The conference also hopes to encourage material studies of Carrara marble applications in the Low Countries following theoretical and practical models explored in Italy in the last few decades, particularly those concerning Michelangelo, Bernini and Canova; and inversely those of conservation/restoration techniques and philosophies explored in the Netherlands and Belgium (e.g. the projects of the tomb monuments of William the Silent and Admiral Tromp).
As such, the conference intends to obtain a greater understanding of the use of Carrara marble in the sculpture and architecture of the Low Countries, while studying the success factors of this marble, those that stimulated it and brought it to such a development.
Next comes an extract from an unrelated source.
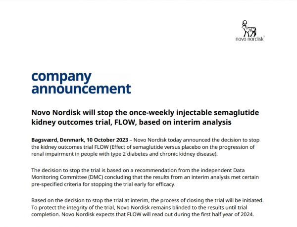 诺和诺德在今年10月宣布,中止一项针对Ⅱ型糖尿病和慢性肾病患者的司美格鲁肽试验,因为一项早期分析清楚地表明该药物有效,具体的数据将在明年上半年发布。与之前的情况类似,礼来也在进行替尔泊肽与肾病的研究。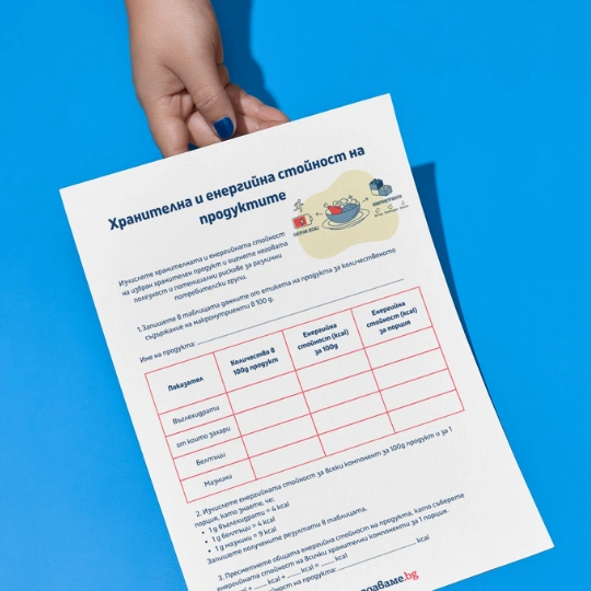 - Работен лист “Хранителна и енергийна стойност на продуктите”;

One might even tentatively speak of a Carrara marble “revolution” in the Low Countries (from about 1600 onwards), completely changing the practice and perception of both sculptural and architectural endeavour in the Low Countries, a phenomenon that remains undervalued and understudied.
The conference will also have a natural follow-on with the one organised in September 2012 by the Musée provincial des Arts anciens at Namur on the extraction and use of Belgian marble, particularly that of Saint-Rémy.
Possible issues to be addressed (non-limitative list):

International exchanges between Carrara and the Low Countries
- The trade in Carrara marble
- Technical innovation between Carrara and Belgium
- Low Countries sculptors in Carrara

The introduction of Carrara marble in Belgium and the Netherlands and its flourishing in the 17th century
- Conrat Meit/Pietro Torrigiani
- The “Marble Temple” in Antwerp, the Jesuit church
- The Royal Palace of Amsterdam

The social prestige of Carrara marble
- The prestige of the association of Carrara white and Belgian black marble
- Carrara marble in Antwerp baroque altarpieces
- The imitation of Carrara marble in altarpieces
- The imitation of Carrara marble in historic interiors
- Portraiture in Carrara marble

Carrara marble in the third world power, Belgium, and in the Netherlands (c.1880-1914)
- The Brussels Cemetary at Laken
- The “Escalier des Ambassadeurs” of Versailles at the Egmont-Arenberg Palace in Brussels
- Carrara marble in Brussels architecture 1880-1914
- Carrara in Rotterdam

Low Countries artists and architects at home and abroad
- Aart Schonk
- Hilde van Sumeren

Historic Carrara marble floors
- Renaissance to Baroque
- The techniques and tradition of single-slab marble hallways

BACKGROUND AND OUTLOOK
The conference will constitute a follow-up from the study days it held in Belgium about the extraction and use of Belgian marble between 2003 and 2009. The Musée provincial des Arts anciens du Namurois will further organise an international conference about Saint-Remy marble in September 2012.